Siobhan Harvey performed several of her poems, all from her collection Lost Relatives, that are on the website. Her slow, rich performance with careful enunciations and heavy silences built a tension into her work that followed on with common themes of migration, communication, cultural clashes and inheritance.
Siobhan was followed by Diana Bridge, who commented in her quiet, wry way, that she felt her voice was too “standard”. Still, her carefully-enunciated and modulated performance made the most of her thoughtful poems, all with multi-cultural influences and settings, and with her short introductions to each which gave an interesting sense of what sparked her work.
The last poet was Anna Jackson, reading the beginning and ending sections of her revisioning of Dante’s Inferno, The long road to teatime. Anna apologised for the apparent hubris of some lines, commenting that as an unpublished poet at the time of writing, she needed to convince herself of being a new poet as well as a first-time mother. Her somewhat skittery, charming performance, with expressive facial gestures, made an apt ending to a session that had begun with the sonorous Brasch.

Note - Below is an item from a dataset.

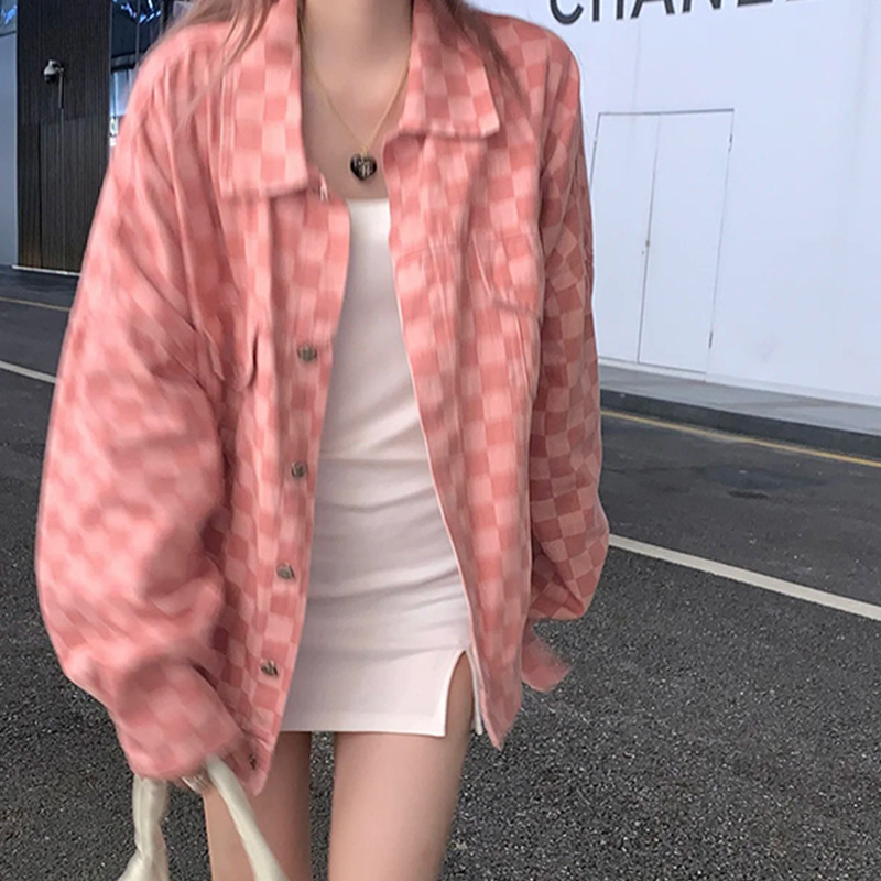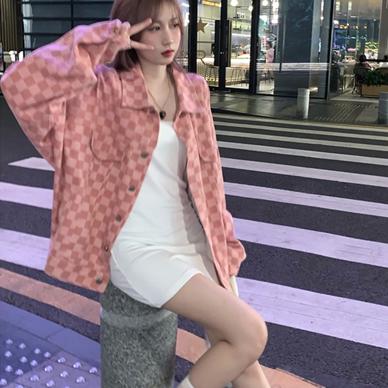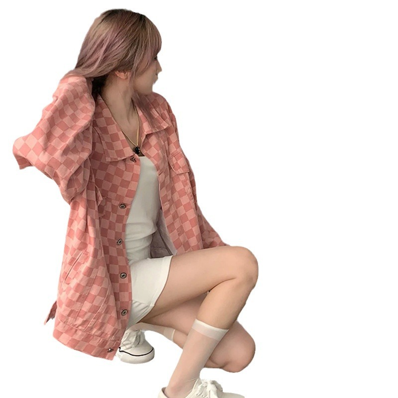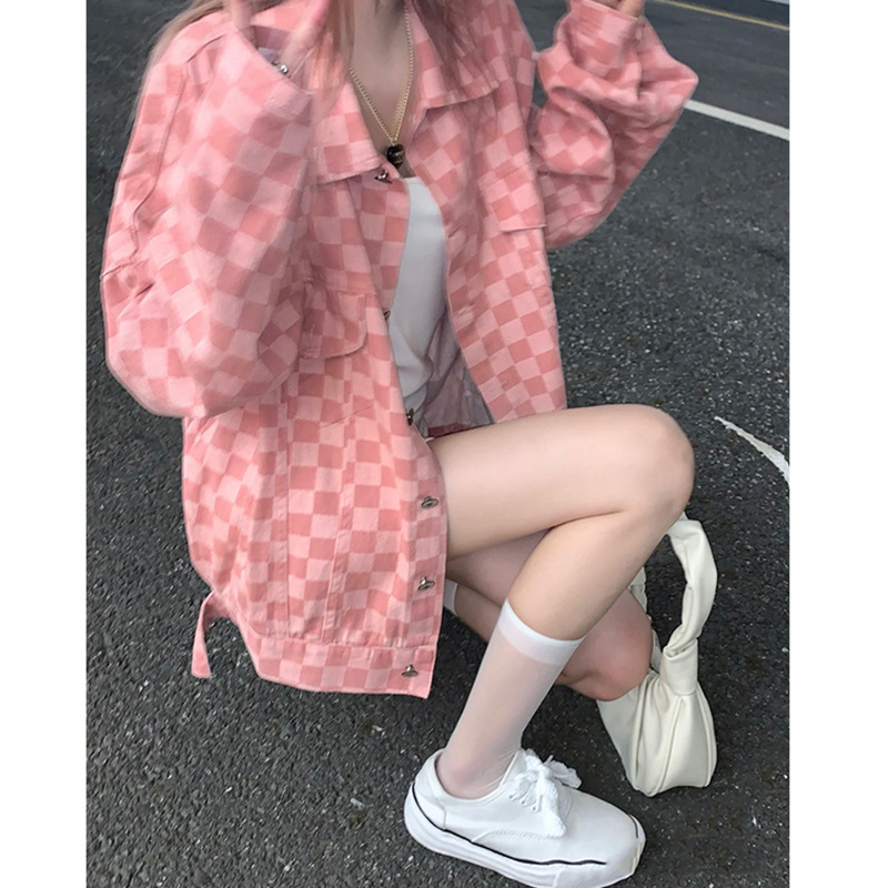 | nameOriginal | Pink Checkerboard Plaid Denim Jacket Women's Spring and Autumn Loose Harajuku Hong Kong-style Design Sense Jacket ins Denim Long-sleeved Jacket |
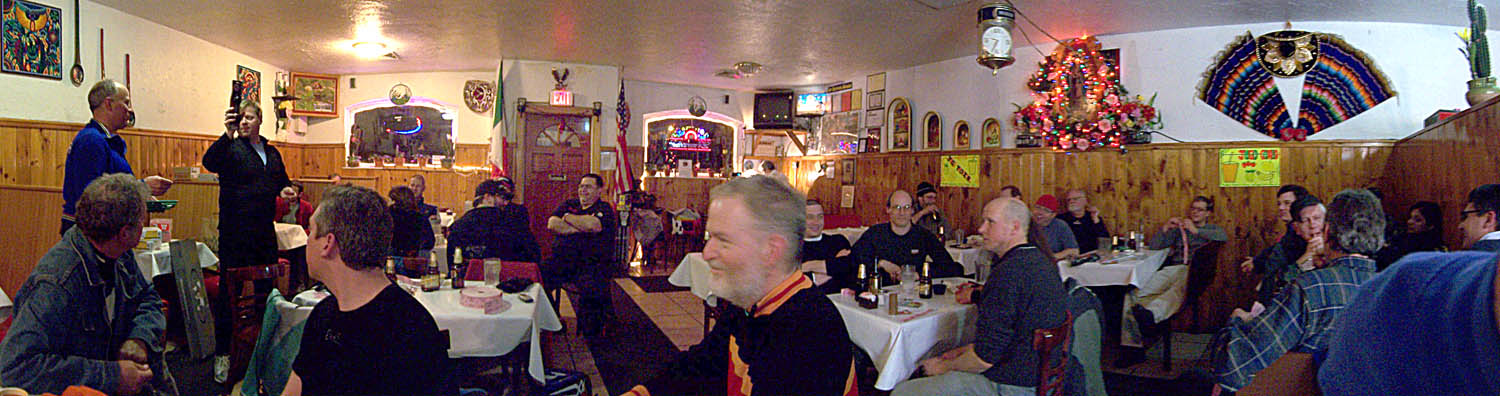 Tom Deakins was kind enough to drive me over to this annual get-together of the local bike industry. I'm so glad it's back at the Taqueria in Waltham, one of my favorite eateries. It was good to get a ride, because the parking lot is up a fairly steep driveway that I don't think I could have handled on foot without falling down.Tom was also kind enough to drop off and install my new exercise machine, a "Spinning" type fixed-gear unit.

This launch was an enjoyable session, with an opportunity to talk to the poets afterwards. Despite the perception of the online world as an easy way to bridge cultures and locations, it was clear that this does not resolve all difficulties of communication and understanding. Indeed, as the audience filtered out to join the other visitors at the Pah Homestead who did not attend the poetry launch, it seemed that poetry is not just a way to communicate, but also a culture that needs bridges to other worlds.